The founding of Kanchi Kamakoti Peetam is traditionally attributed by its adherents to Adi Shankara, but this and the reliability of the matha's succession list has been questioned. Sringeri matha rejects the claims of Kanchi Kamakoti Peetam, and does not count it among the mathas established by Shankara. According to Clark, the story of the four cardinal mathas founded by Shankara dates from the 16th century, questioning the founding stories off all those mathas.

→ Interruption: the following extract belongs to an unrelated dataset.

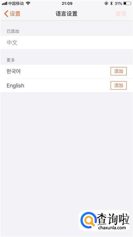 接着选择我们要添加的语言右侧的添加,如下图所示。

According to the Kanchi matha's tradition and various eminent scholars, their monastery was founded in Kali 2593 (509 BCE) by Adi Shankara. According to the Sri Kanchi matha documents, the matha relocated completely to Kumbakonam in mid-18th century to escape wars and persecution. According to Jonathan Bader and other scholars, the monastic tradition gives "fear of Muslim atrocities" from Nawab of Arcot, Mysore's Hyder Ali and Tipu Sultan as the reason, but the details remain unclear. According to T. A. Gopinatha Rao, copperplate inscriptions show that the matha was located at Kanchipuram until 1686 CE, and relocated to Kumbhakonam, Tajore, in the 18th century. According to Rao, based on the oldest record found in the respective mathas (1291 and 1346 respectively), Kanchipuram matha may be older than Sringeri Pitham. The matha returned to Kanchi in the 19th century.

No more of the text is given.